Christensen called for fewer, more competent, more highly paid employees as the model. Some of you have gone to the more highly paid, but did you go to the fewer and the more competent? One-stop shopping employees means jacks of all trades and masters of none. To fix this, let's divide sales from service."

The bottom line isn't going to change without a lot of effort, he reminded.

"It was point three ROA in credit unions even before the bailout checks were mailed," Christensen observed. "If you want to improve that, you might have to do things differently."

Credit unions have two options, according to Christensen, who doesn't favor one of them.

  • Relationship Pricing. "This is a very sound and basic principle, if you're scratching my back, member, I'm scratching yours. If you bring your business here, we've got free all day long. If you choose to take your business down the road we've got fees. This takes work."
  • Courtesy Pay Fees Attached To a Debit Card. "You make me sick on this. If you charge $25 to $30 on a bounced paper check, I'm fine with that. When it becomes a problem is when you attach it to the ATM and debit card. Hey, do you want to pay $28 for a Big Mac, or $45 to take $20 out of the ATM?"

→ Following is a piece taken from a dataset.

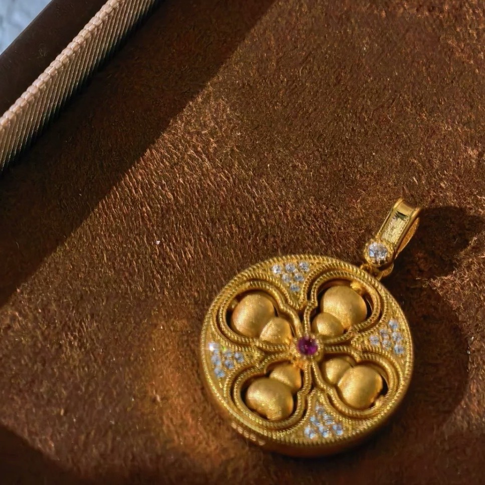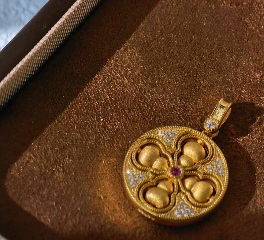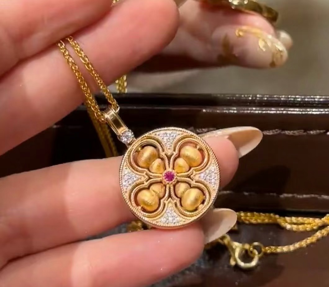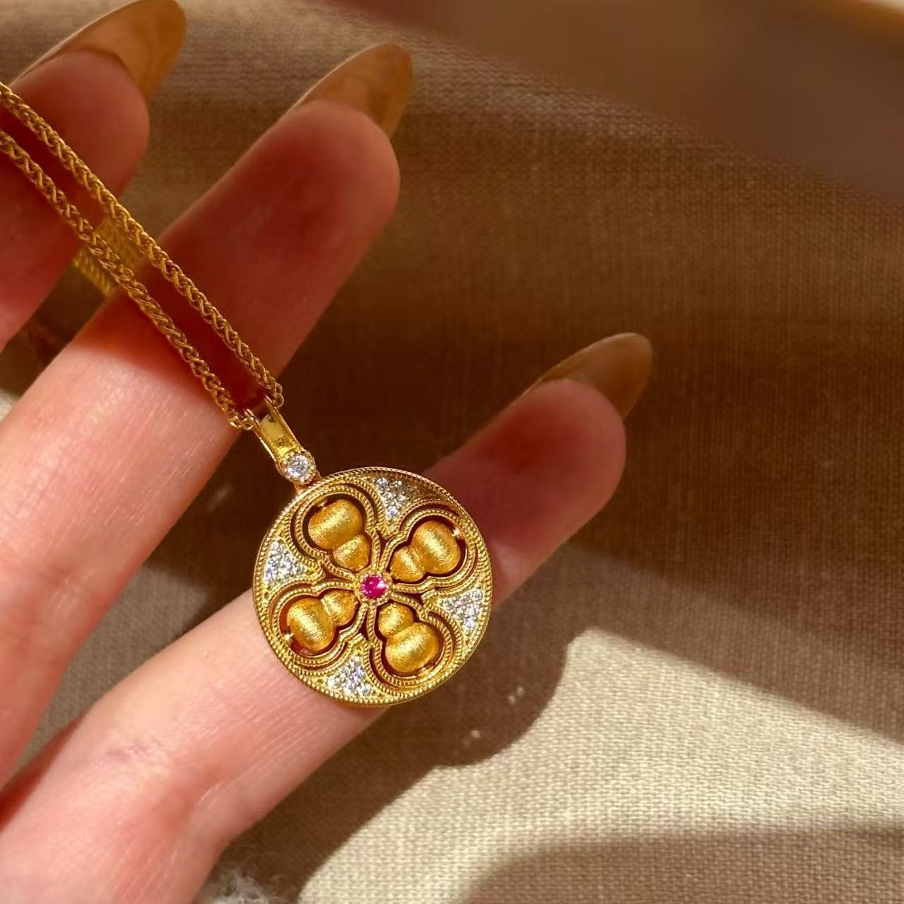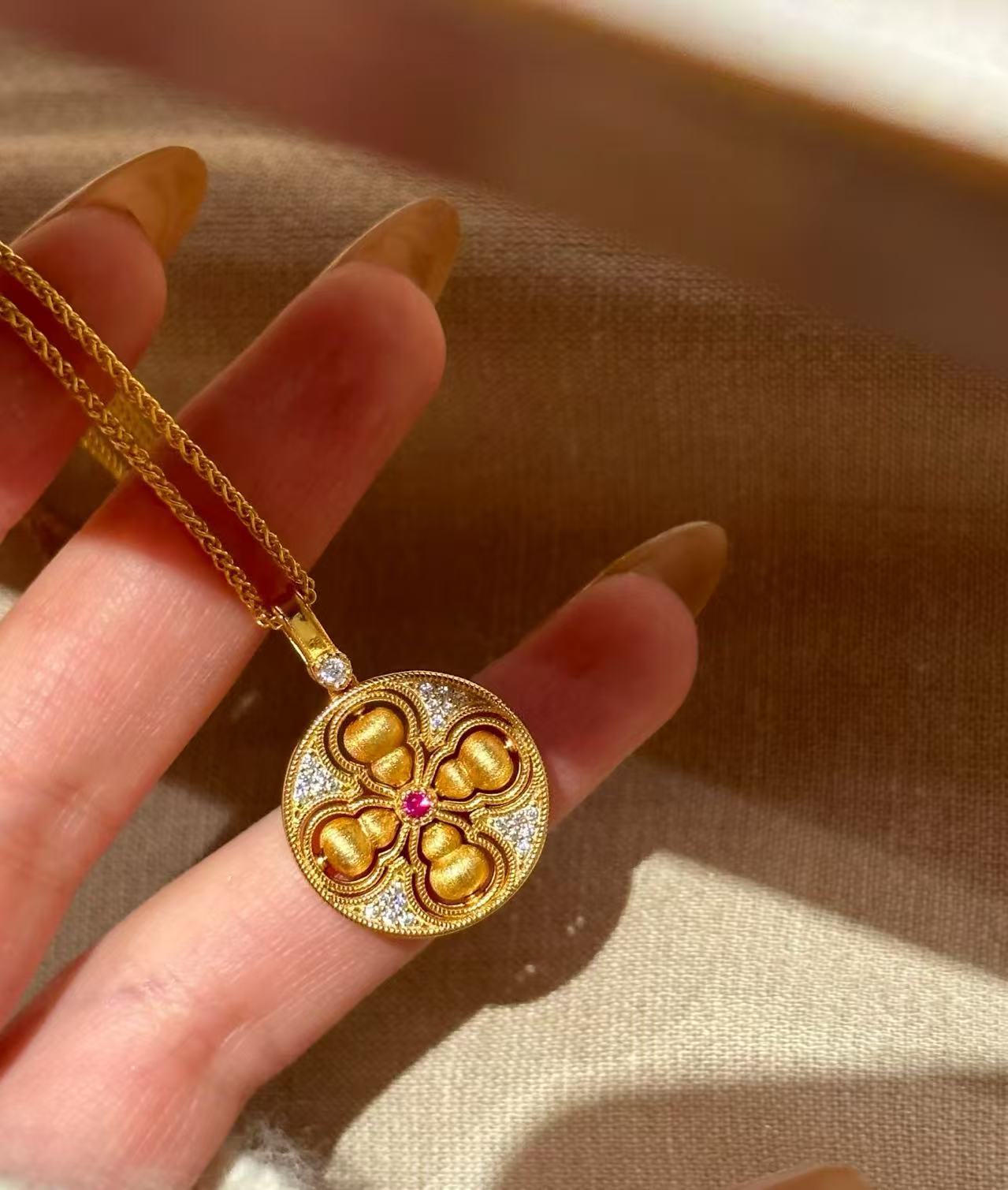 纯银S925新中式国风丝绒拉丝可转动四美葫芦项链精致独特轻奢气质

Christensen's other observations:

  • Nearly every CU is overbranched. He believes there should be one branch for every $50 million in assets (at a minimum).
  • Pointing to a front page of Credit Union Journal that listed money-losing CUs, he said. "I call it revenge of the little ones. The big advantage the big ones used to have wa a 2% expense ratio, but then decided they needed to be much bigger and they doubled to 4%. The rainy day came and they can't survive it."
  • There is no money to be made on loans to A paper, due to competition. But C, D and E members offer opportunity and need a lender. "The members with the greatest need for loans are the reason we were founded. Don't tell me you can't serve these members in this economy. 98.9% of these members at one CU paying on time every month. They need a car to get to work. You just can't freak out when the first few go bad."